Accelerating Success in Afghanistan: Goals and Challenges for International Cooperation
Institute for Cultural Diplomacy Conference: Understanding Afghanistan and Central Asia - Supporting Democracy and Stability, The Path Ahead
Berlin, May 28, 2010
Ambassador Philip D. Murphy

Herr Donfried,
Herr Minister Jalali,
Frau Hoff,
Frau Demmer,
meine Damen und Herren,

Afghanistan verstehen -  das ist ein wichtiges, ein elementares Anliegen der transatlantischen Diplomatie. Dieses komplexe Thema wird von der deutschen wie von der amerikanischen Öffentlichkeit kontrovers diskutiert. Es ist ein facettenreiches Thema, das bei Truppen, Diplomaten, Entwicklungshelfern und zivilen Ausbildern vor Ort immer wieder zu Enttäuschungen führt. Afghanistan muss es schaffen. Nach so vielen Jahren des Leids wünschen wir uns für die Menschen dieses Landes eine Zukunft in Frieden und Fortschritt. Weil das für uns alle von Interesse ist, sind wir in Afghanistan. „Afghanistan verstehen“ bedeutet zu wissen, wie diese Interessen ineinander greifen.  Doch es gibt gute Nachrichten: In den vergangenen Monaten sind die Vereinigten Staaten, Deutschland und der Rest der internationalen Gemeinschaft nach jahrelangen Unstimmigkeiten grundlegend darin übereingekommen, wie es in Afghanistan weitergehen soll. Die Streitigkeiten darüber, welche Herausforderungen uns in Afghanistan erwarten oder welche Strategie zum Erfolg führen wird, gehören der Vergangenheit an.

There used to be different views about the military strategy and the proper use of force.  The U.S. was criticized for being too single-mindedly focused on pursuing insurgents and not taking enough care to avoid civilian casualties.  At the other end of the scale, Germany was criticized for being too hesitant in pursuing insurgents and using force.

We are now on the same page.  The strategic goal is to disrupt, dismantle and defeat Al-Qaeda and its extremist allies in Afghanistan and Pakistan to ensure that they never again pose a threat to us or the region. The international community has embraced the counterinsurgency strategy outlined by ISAF (spell out first time) Commander McChrystal.  That strategy very clearly puts the Afghan population at the center of gravity.  The chief objective of ISAF forces is not to carry out conventional warfare against the insurgents, but rather to protect the Afghan people.  The focus is on winning the trust and confidence of the population, protecting the population against insurgent intimidation and violence, convincing the population that the best way to secure their future is to support the government, and building up the Afghan national security forces so that they can provide for Afghanistan’s security without international assistance.   It is only in a climate of safety and security that long-term development can be possible.

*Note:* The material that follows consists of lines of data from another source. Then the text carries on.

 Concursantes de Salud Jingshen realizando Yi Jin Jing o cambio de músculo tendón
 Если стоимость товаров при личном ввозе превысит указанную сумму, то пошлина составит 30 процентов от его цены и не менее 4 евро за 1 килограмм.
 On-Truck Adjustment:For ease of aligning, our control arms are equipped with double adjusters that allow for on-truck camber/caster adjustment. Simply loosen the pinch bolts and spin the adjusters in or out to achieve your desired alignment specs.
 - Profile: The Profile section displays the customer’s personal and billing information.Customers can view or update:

The United States strongly supports efforts to promote human rights – notably to curb the brutal abuses that women have suffered in past decades in Afghanistan. Creating deep-rooted “Rechstaatlichkeit”, a state based on law and respect of individual rights, is also possible only in a secure environment.

This new population-centric strategy required perhaps more adjustment in the U.S. military mindset than for Germany and other Allies.   U.S. forces had to change their conventional warfare mindset : they realized that many of their previous actions – in carrying out raids and searching homes– had deeply alienated the population. They were in fact counterproductive to defeating the insurgency.  The Allies have clearly learned both from each other as partners and from our Afghan partners.

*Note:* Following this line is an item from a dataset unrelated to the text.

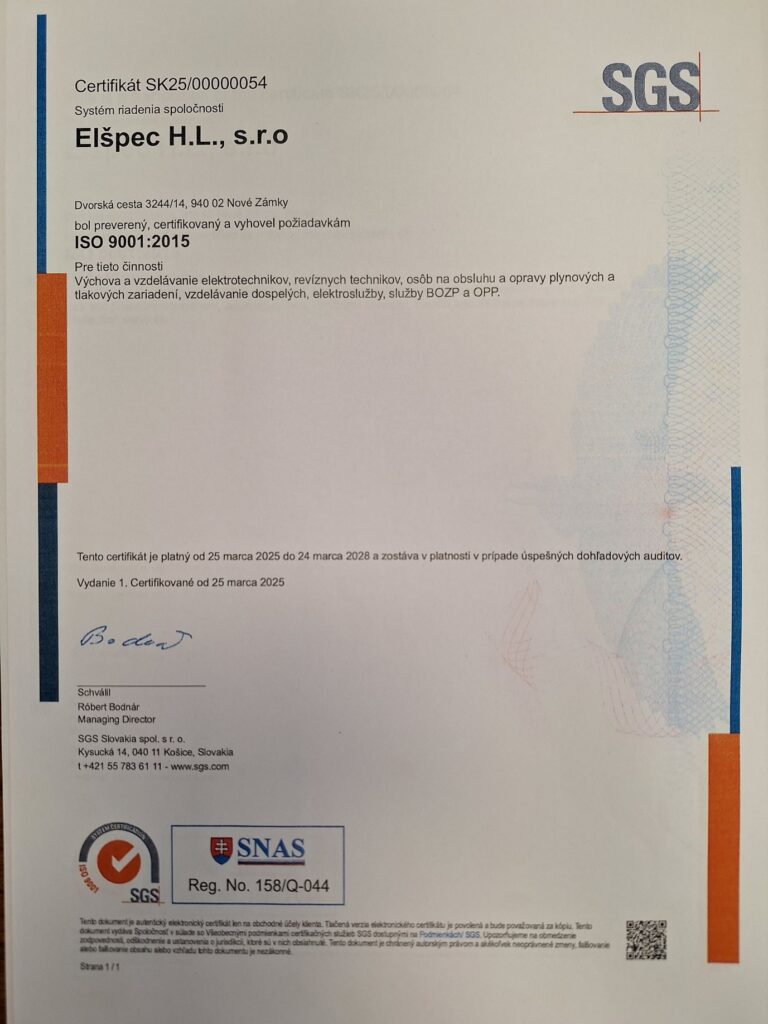 Od roku 2005 je firma Elšpec H.L., s.r.o. oprávnená vzdelávacia organizácia v oblasti ochrany práce s platnými oprávneniami v zmysle zák. č. 124/2006 Z. z. a zák. č. 125/2006 Z. z .
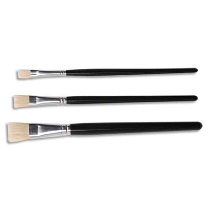 Brosses plates en soie Manche bois laqué, virole alu monobloc sertie. 3 tailles assorties 6 / 10 / 16. Longueur

Partnering is a fundamental element of the counterinsurgency strategy.   As General McChrystal said during his visit to Berlin in April, experience shows that joint operations with the Afghan National Army are more successful than when ISAF forces work alone.  Joint operations between the Afghan army and ISAF are less likely to fall victim to roadside bombs or to commit cultural blunders.  Partnering also gives the Afghan army “on-the-job” training under ISAF mentorship and prepares the Afghan army to operate on its own, without international assistance. 

There has been speculation in the German press about whether “partnering” will increase the risk to German soldiers and result in increased casualties.  It seems logical, of course, to assume that more time spent outside of secure installations will lead to more attacks, injuries, and deaths.  But as General McChrystal points out, we won’t be able to build walls high enough to protect ourselves if the population is not with us.  We need to get off of the military bases and out of the armored vehicles and build a relationship with the Afghan people.  It may seem counterintuitive, but traditional force protection measures may actually provide less and not more security for our troops.   We greatly welcome Defense Minister zu Guttenberg's plans to form two training and support battalions in the north to carry out partnering with the Afghan National Army there.

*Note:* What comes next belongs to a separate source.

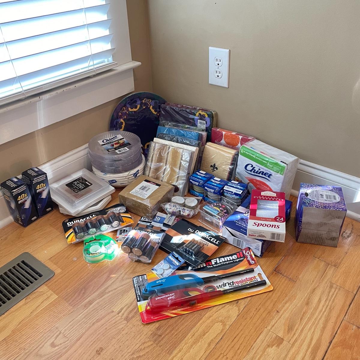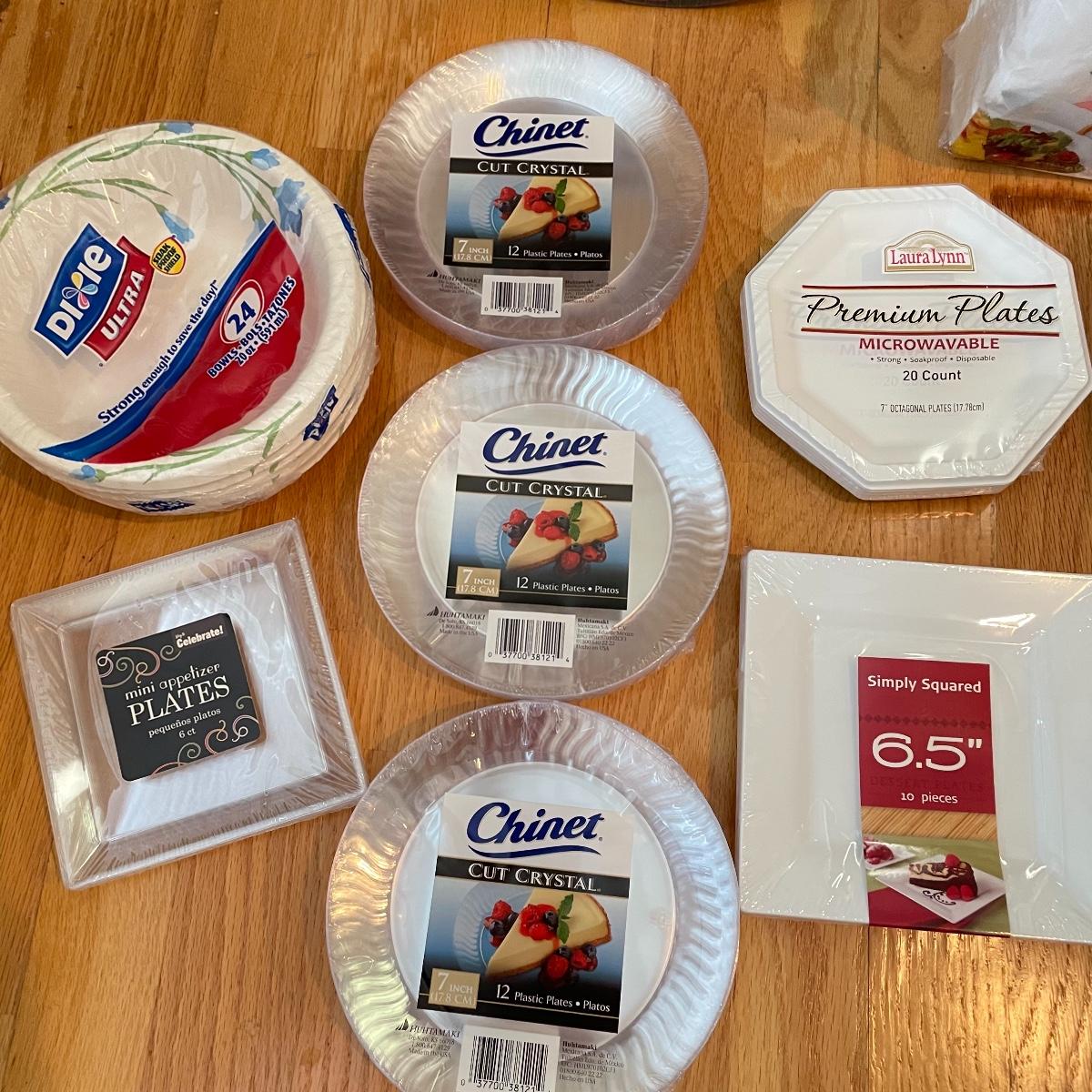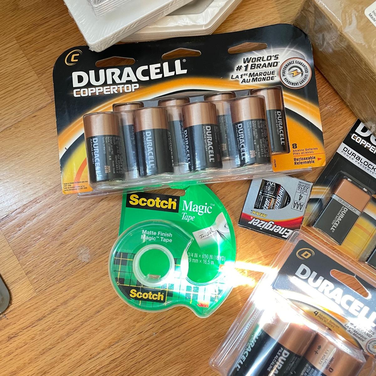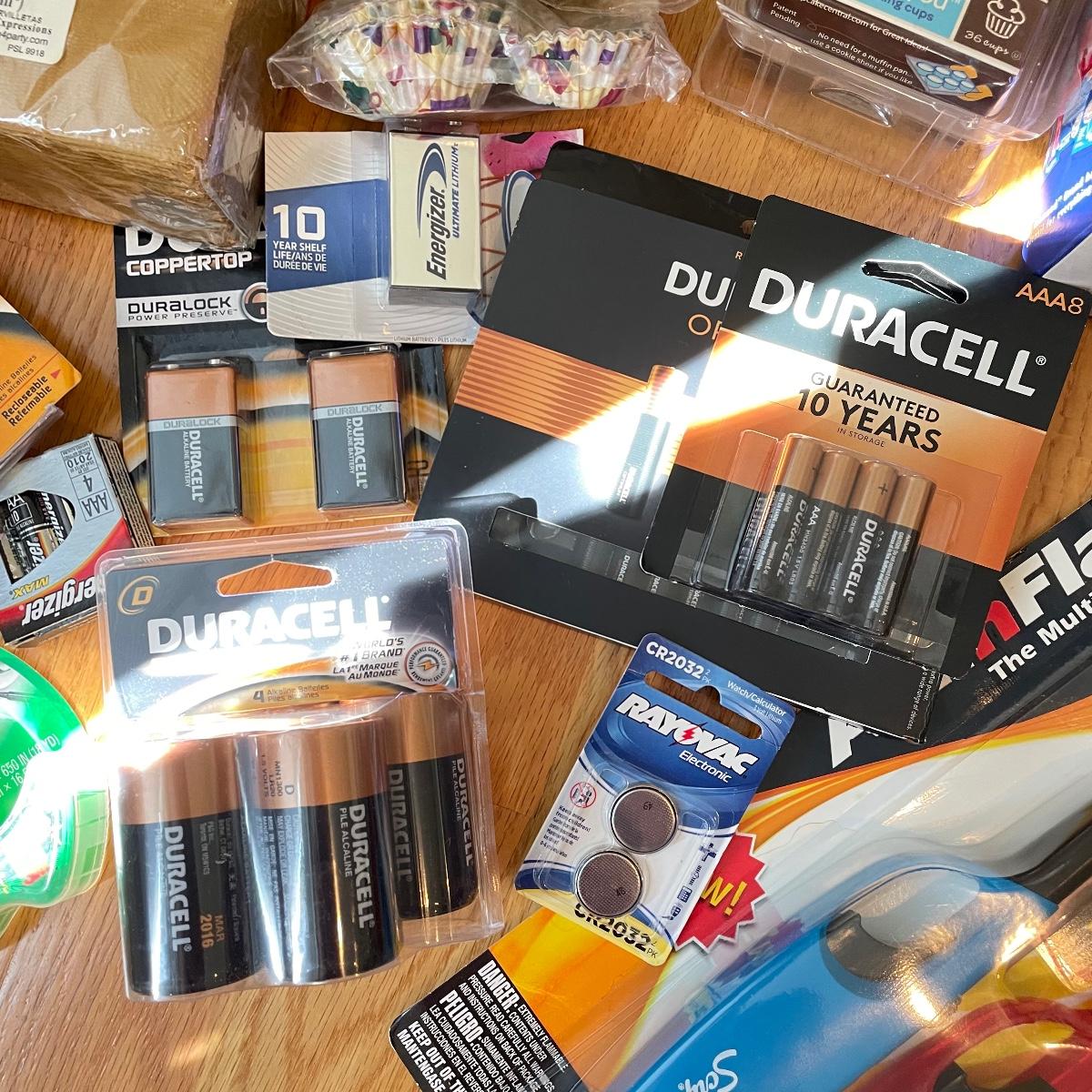 New in package, seven package of disposable plates with between 6-20 count each. One pack of 24 bowls, a total of 54 pieces of cutlery and small muffin papers. Packaged batteries, mostly Duracell, include AAA, C,D, 9V and CR2032. Lighters, tape, and flashlights too. Local pick up only.

We have reached a similar meeting of minds on police training as well. A few years ago, there was much debate about the differing U.S. and German approaches – perhaps best summed up by the German slogan “Klasse statt Masse” or as we might say in English, “quality over quantity.”  The Germans emphasized the need for long, comprehensive training programs like those offered at the Afghan Police Academy in Kabul, which Germany helped to re-establish.  The U.S., on the other hand, set up regional training centers around the country. The centers trained tens of thousands of Afghan police officers in short training courses.  The problem with the German approach was it couldn’t come close to training all the police that were needed.  The problem with the American approach was that the training was so short and superficial that it didn’t stick, especially when the individual policeman was sent back to a police unit that was under the supervision of an untrained and/or corrupt police chief.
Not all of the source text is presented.